====== Data below ======
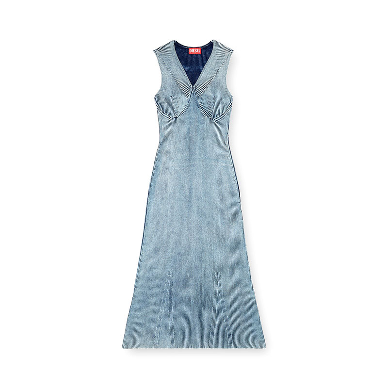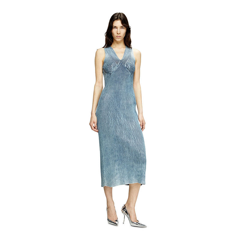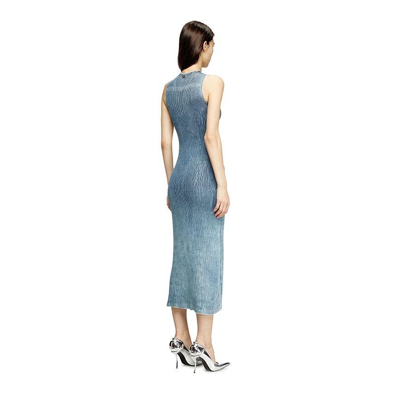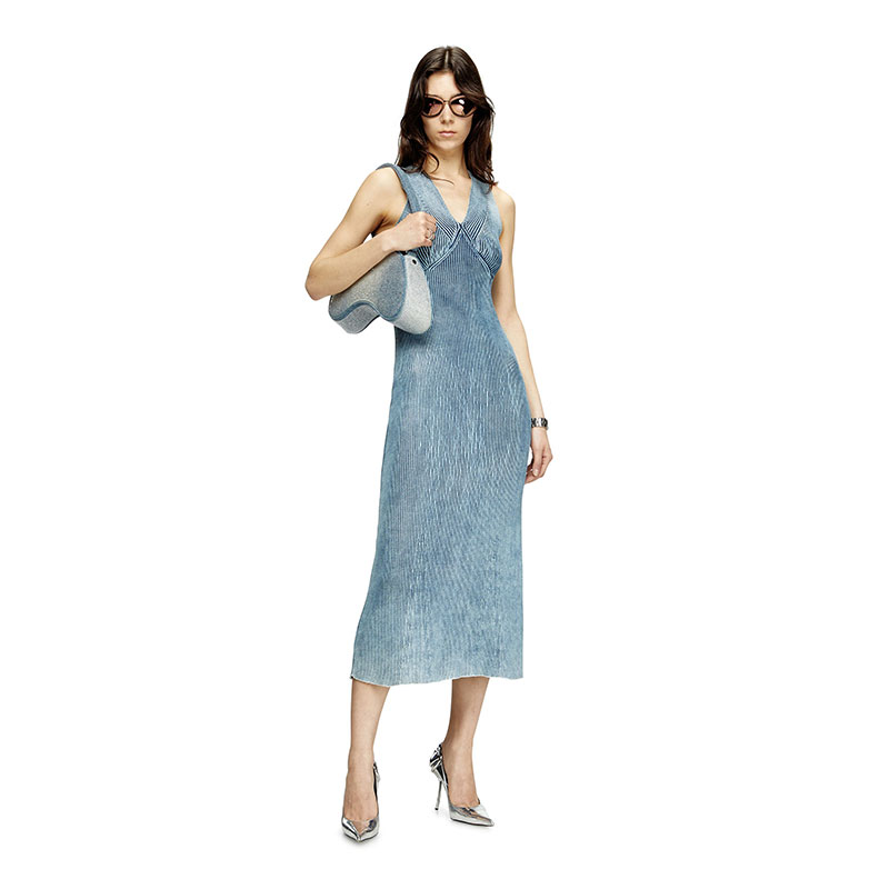 Women’s midi dress in a body-skimming ribbed knit spun from indigo denim yarn. Structured to highlight the V-neck and bust, the knit is stonewashed for a lived-in, marbled effect and amped up with a transparent Mylar foil coating that adds shine and luminosity. The metal Oval D plaque on the back is a subtle logo embellishment.
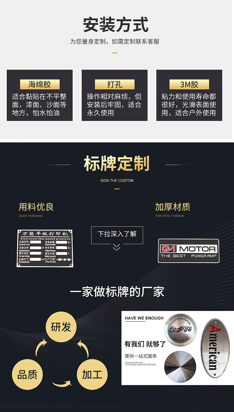金属標識のカスタム製作、ステンレスレーザー彫刻、アルミ標識、UVバルブ標識、機械用金属銘板、アルミニウム合金
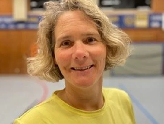 Geleitet wird die Stunde von Anja Bischof (Übungsleiterin C - Fitness und Gesundheit und Behindertensport, Übungsleiterin B - Sport in der Prävention und Sport für Ältere)
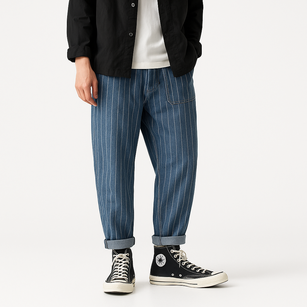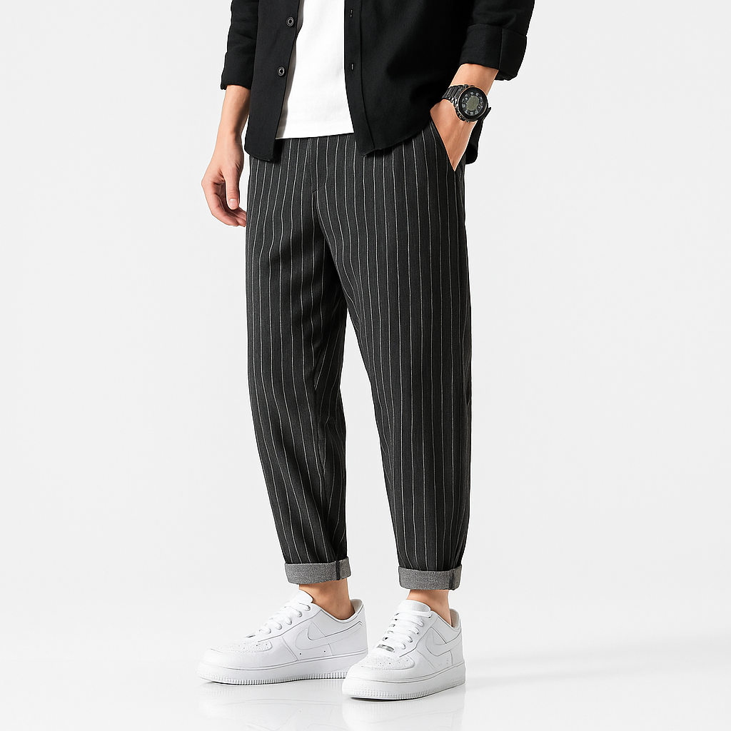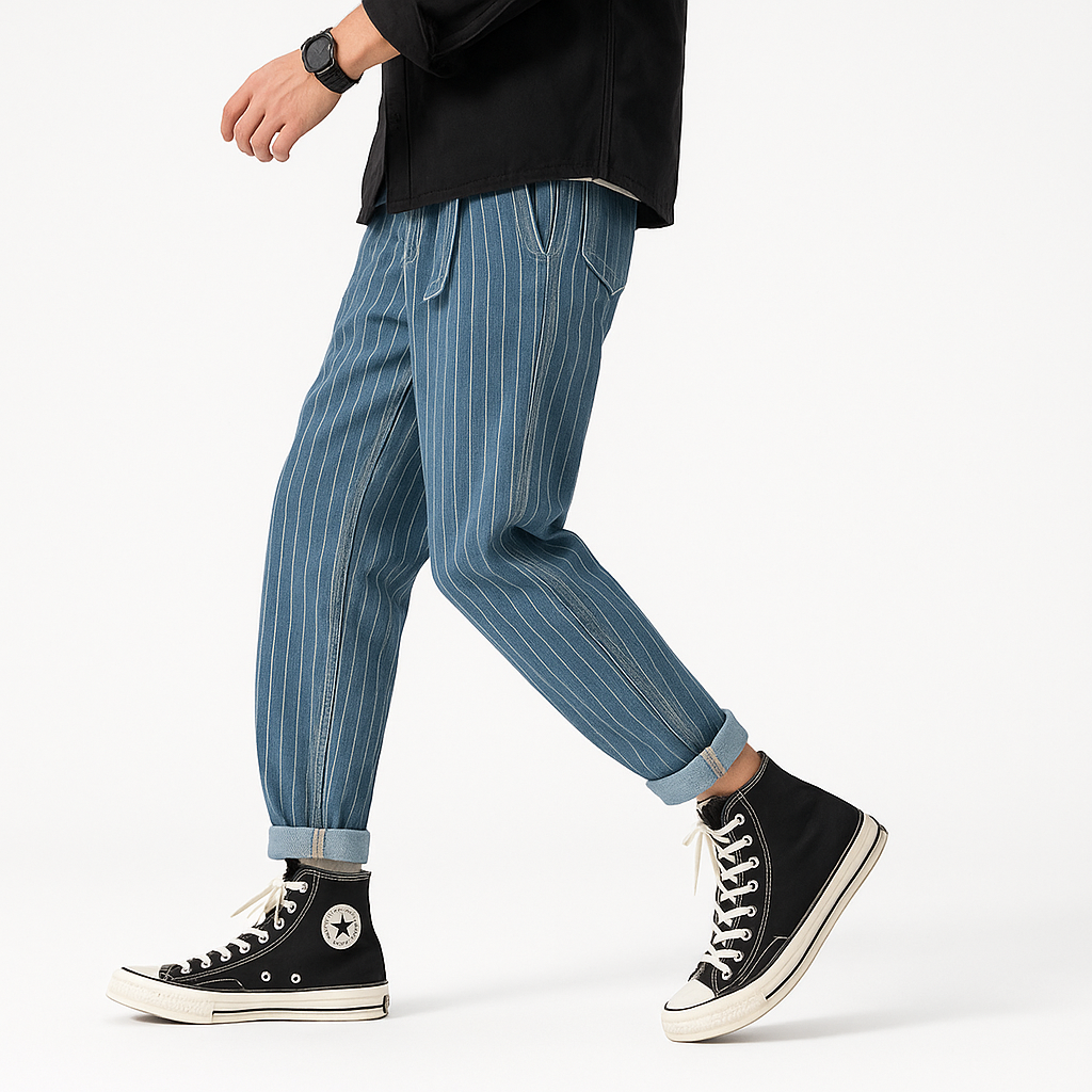 Erhöhen Sie Ihren lässigen Stil mit einem Paar Tabiko-Hosen . Sie haben eine entspannte Passform und einen Kordelzug für eine einfache Anpassung. Dieses Paar in schwarz/blau gestreift ist perfekt für Sommertage am Strand oder auf den Straßen der Stadt.
======
#### How to complete this task:
All of the material above should be written out exactly as given, minus any images.

#### Written solution:
 Women’s midi dress in a body-skimming ribbed knit spun from indigo denim yarn. Structured to highlight the V-neck and bust, the knit is stonewashed for a lived-in, marbled effect and amped up with a transparent Mylar foil coating that adds shine and luminosity. The metal Oval D plaque on the back is a subtle logo embellishment.
金属標識のカスタム製作、ステンレスレーザー彫刻、アルミ標識、UVバルブ標識、機械用金属銘板、アルミニウム合金
 Geleitet wird die Stunde von Anja Bischof (Übungsleiterin C - Fitness und Gesundheit und Behindertensport, Übungsleiterin B - Sport in der Prävention und Sport für Ältere)
 Erhöhen Sie Ihren lässigen Stil mit einem Paar Tabiko-Hosen . Sie haben eine entspannte Passform und einen Kordelzug für eine einfache Anpassung. Dieses Paar in schwarz/blau gestreift ist perfekt für Sommertage am Strand oder auf den Straßen der Stadt.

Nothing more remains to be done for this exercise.